In June 2020, it was reported that Nickelodeon Animation Studio was developing a computer-animated Teenage Mutant Ninja Turtles film for Paramount Pictures. Seth Rogen, Evan Goldberg, and James Weaver would produce the film through their company, Point Grey Pictures. Jeff Rowe was set to direct the film, with Brendan O'Brien writing the screenplay. It was released on August 2, 2023.
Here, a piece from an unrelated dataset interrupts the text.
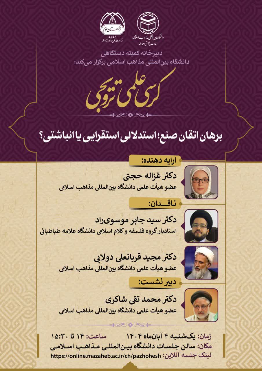 دبیرخانه کمیته دستگاهی دانشگاه بین‌المللی مذاهب اسلامی برگزار می‌کند: کرسی علمی ترویجی با عنوان: برهان اتقان صنع؛ استدلالی استقرائی یا انباشتی؟
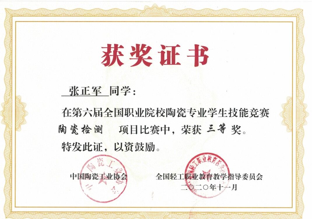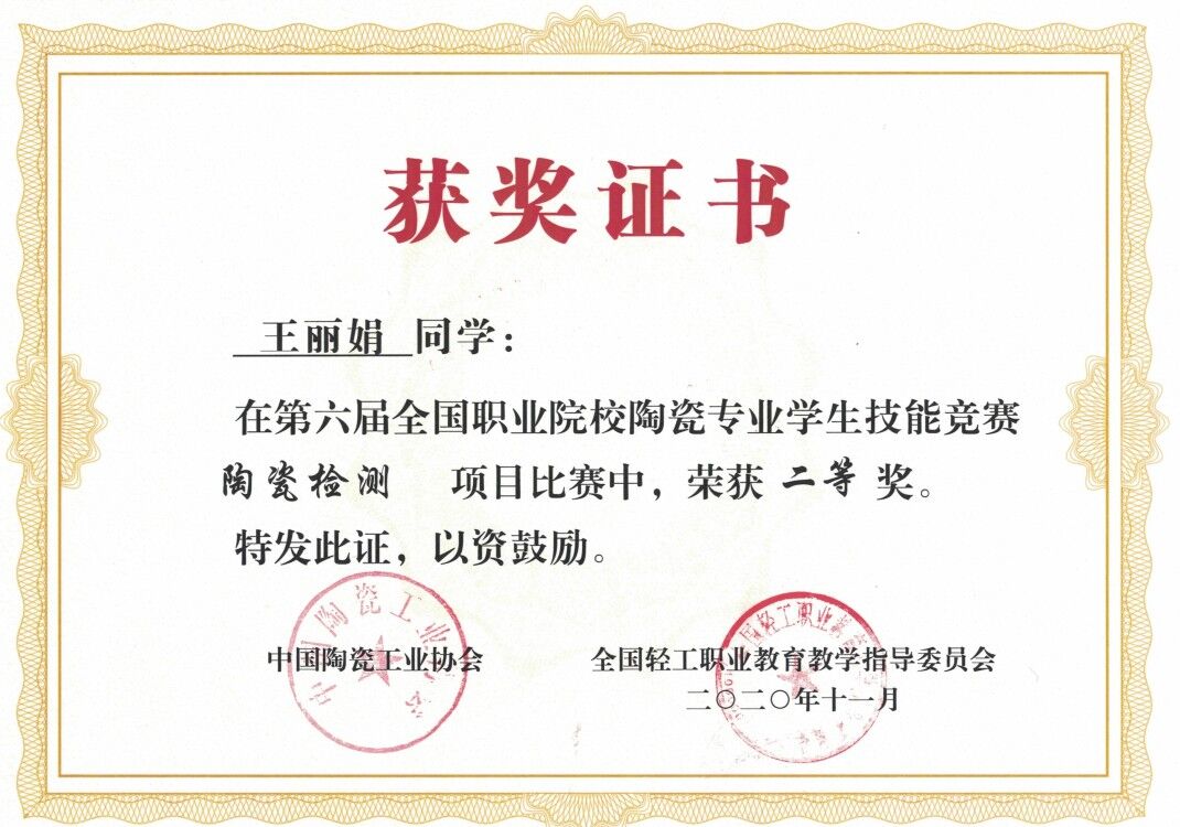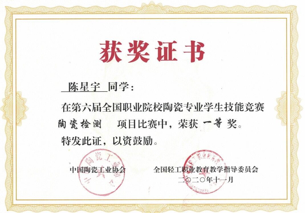 11月21日-11月22日,2020年第六届全国职业院校陶瓷专业技能大赛成绩公布,材料工程系建材184班陈星宇同学荣获“陶瓷检测”项目比赛一等奖,建材184班王丽娟同学荣获“陶瓷检测”比赛二等奖,建材184班的张正军和刘红交同学荣获“陶瓷检测”比赛三等奖,梅朝鲜老师荣获优秀指导教师奖。

=== Live-action reboot ===
In June 2018, Paramount Pictures announced a new reboot of the series with Bay, Fuller and Form returning to produce the film and Andrew Dodge writing the script. Fuller and Form said at the 24th Critics' Choice Awards that production on the reboot was set to start in 2019, but in July, co-creator Kevin Eastman revealed that the film was still in development and believed that Paramount took the reactions to the 2014 and 2016 films "to heart", and that "its going to be a next-level type of stuff". In August 2021, it was announced that a new live-action film was in the works with Colin Jost and Casey Jost penning the script and Michael Bay, Andrew Form, Brad Fuller, Scott Mednick and Galen Walker signing on as producers. A film adaptation of the graphic novel Teenage Mutant Ninja Turtles: The Last Ronin was announced to be in development by Paramount Pictures in April 2024. The film, produced by Walter Hamada and written by Tyler Burton Smith, would receive an R-rating and be live action. In August 2025, the film was reaffirmed to be moving forward following the merger between Paramount Global and Skydance Media. However, in November 2025, it was reported that development on the film was put on hold as Paramount Skydance appointed Neal H. Moritz to oversee a new live action reboot of the series. Ilya Naishuller was in talks to direct prior to this. In December 2025, Paramount scheduled a new live-action reboot film for a release date of November 17, 2028.